Taking this into consideration, I came up with this solution, using sample.int and do:
ss_sampleseed <- function(x){
set.seed(unique(x$GENESEED))
x[sample.int(nrow(x)), ]
}
dg %>% group_by(GENESEED) %>% do(ss_sampleseed(.))
This seems to be working as you want.
I think the main thing going here is the use of $ coding like you are inside your function. I certainly had to learn this the hard way. See also:
library(fortunes)
fortune(312)
fortune(343)
Take the simple function from #Carlos Cinelli and try to use it outside of any dplyr functions.
h = function(df, seed.){
df$seed.
}
h(dg, GENESEED)
NULL
It's those darn dollar signs. Now change the function to use [[ instead.
h2 = function(df, seed.){
df[[seed.]]
}
h2(dg, "GENESEED")
[1] 1 1 1 2 2 2
That's more like it, although you did have to put quotes around the variable name in the function.

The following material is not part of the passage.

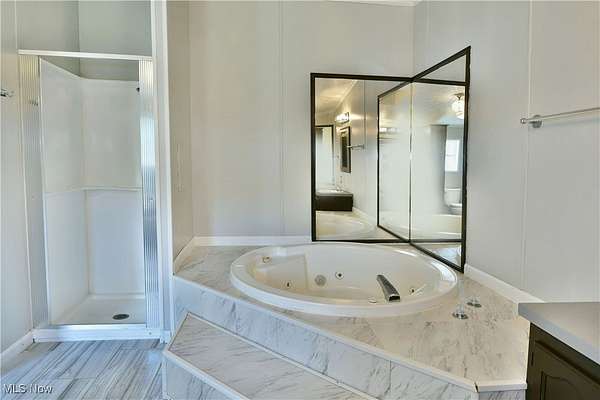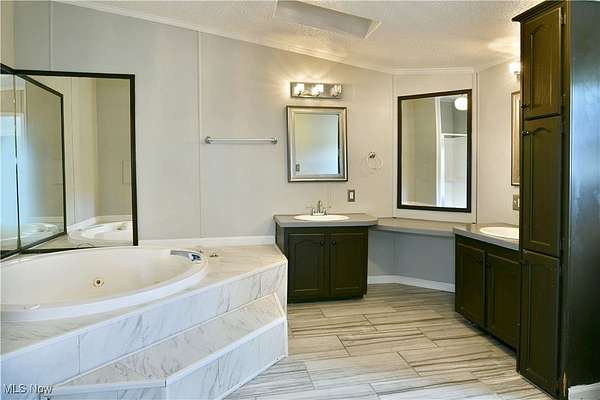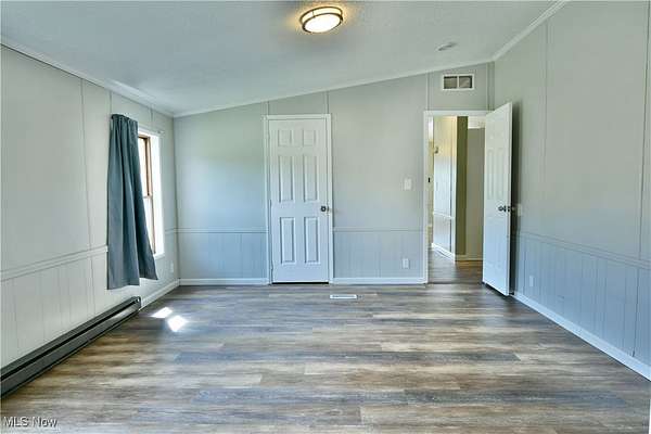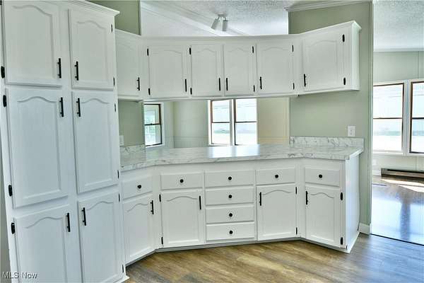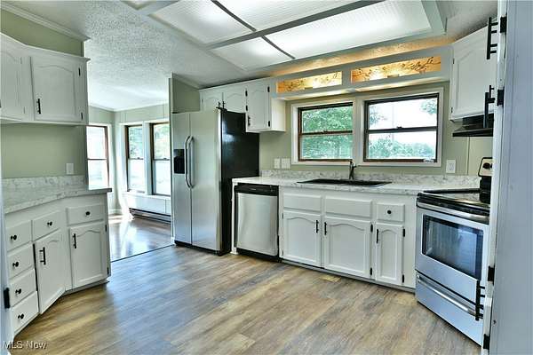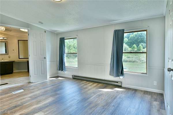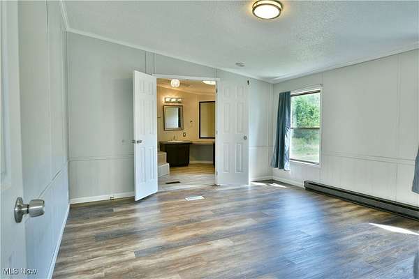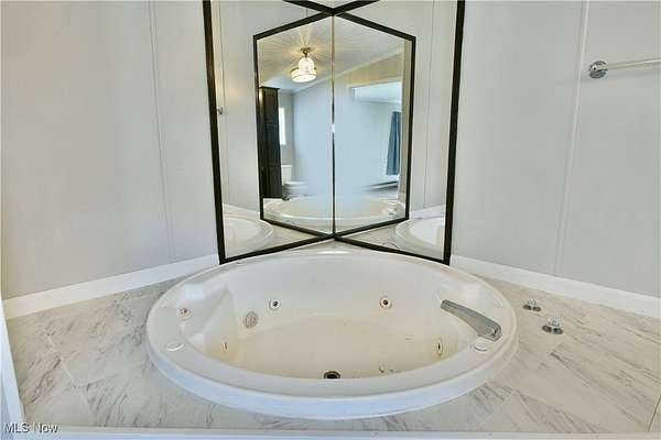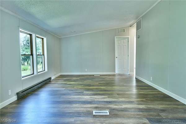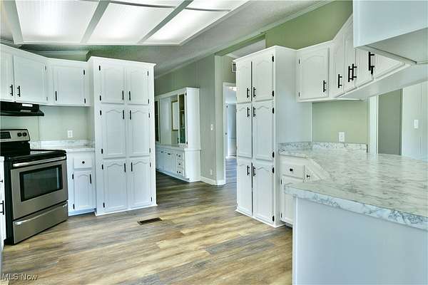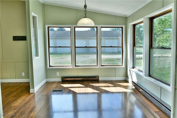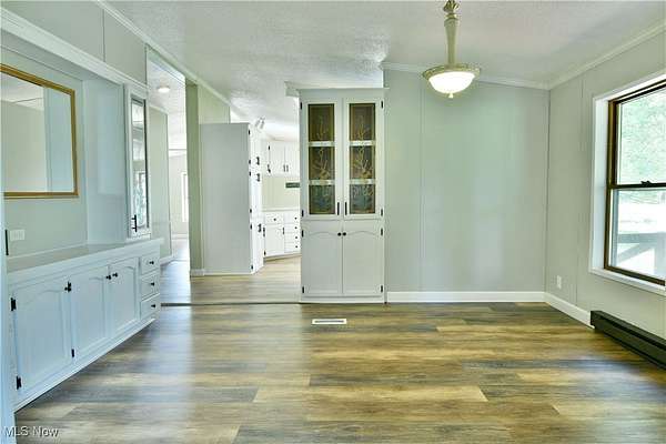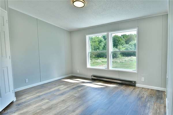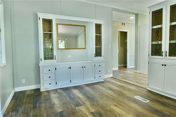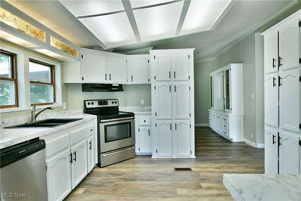 Get away from the hustle and bustle and enjoy the scenic rural views of this fantastic Vienna estate! This unique property includes a remarkable, 20 bay storage garage for all your potential needs or as a built-in business opportunity for rentals. Kick back on the covered front porch and ponder the possibilities as you peer from the leaves of the privacy veiled trees. Inside, the manufactured style ranch is set on a full foundation, adding to its available living space. A spacious living room enjoys hardwood styled flooring that continues throughout the first floor. Two sizeable bedrooms delight with large windows at the far end as they accompany a tastefully updated full bath and its glass tile accented vanity. Central dining spills into a must-see kitchen with a host of storage solutions and a pass -through serving window, brimming with country flair. A window-lined formal dining area makes every meal a visual treat as the fireplace laden family room looks on. The oversized master bedroom suite opens to an extravagant full bath with mirror lined, whirlpool tub, dual vanities and a stall shower. First floor laundry leads out into a rear sunroom and basement access.
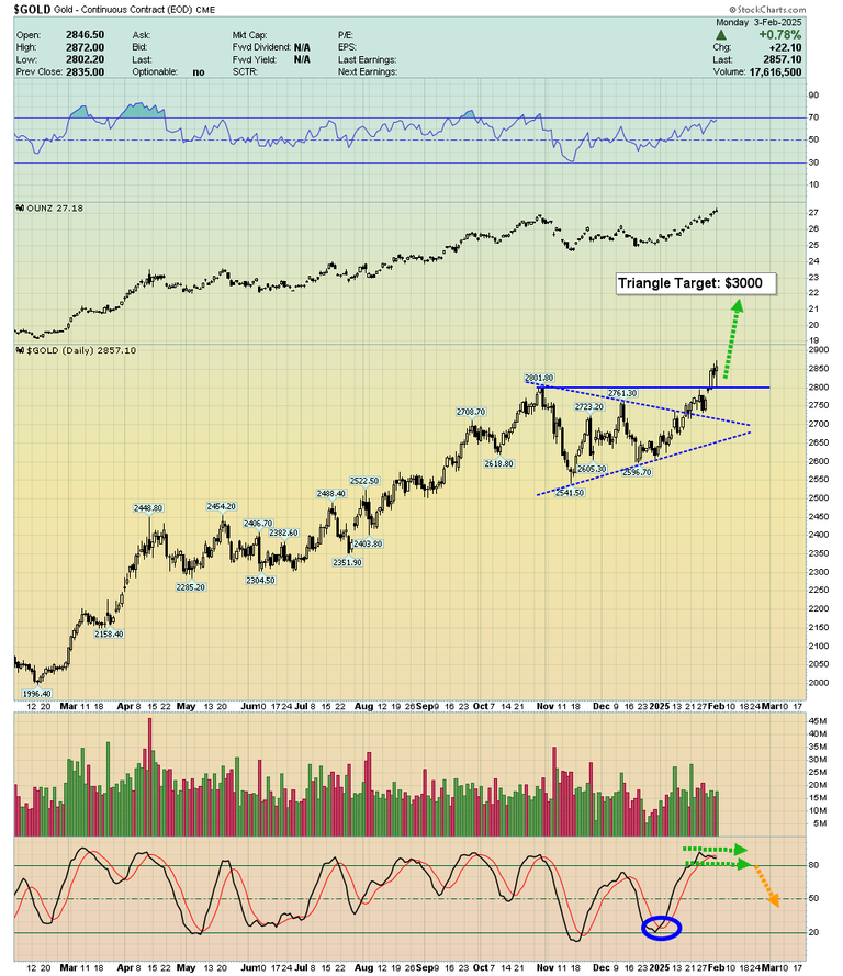 Double-click to enlarge this stunning weekly chart. The lead Stochastics (14,5,5 series) line is now overbought but the target of the beautiful symmetrical triangle is $3000+. Stochastics likely stays overbought while the price moves nicely higher.

So where does that leave your original function? You can go two ways. First, you could just change to [[ and use quotes around the variable name in your function.
ss_sampleseed = function(df, seed.){
set.seed(df[[seed.]])
sample_frac(df, 1)
}
dg %>%
group_by(GENESEED) %>%
ss_sampleseed("GENESEED")
Source: local data frame [6 x 2]
Groups: GENESEED
Gene GENESEED
1 CAMK1 1
2 CIDEC 1
3 ARPC4 1
4 CIDEC 2
5 CAMK1 2
6 ARPC4 2
The other option is to use deparse(substitute(seed.)) inside your function to allow for non-standard evaluation. You'll still need [[, though.
ss_sampleseed2 = function(df, seed.){
set.seed(df[[deparse(substitute(seed.))]])
sample_frac(df, 1)
}
dg %>%
group_by(GENESEED) %>%
ss_sampleseed2(GENESEED)
Source: local data frame [6 x 2]
Groups: GENESEED
Gene GENESEED
1 CAMK1 1
2 CIDEC 1
3 ARPC4 1
4 CIDEC 2
5 CAMK1 2
6 ARPC4 2
I get replicated results with either of these, although I didn't check if the seed is specifically set to what you want it to be.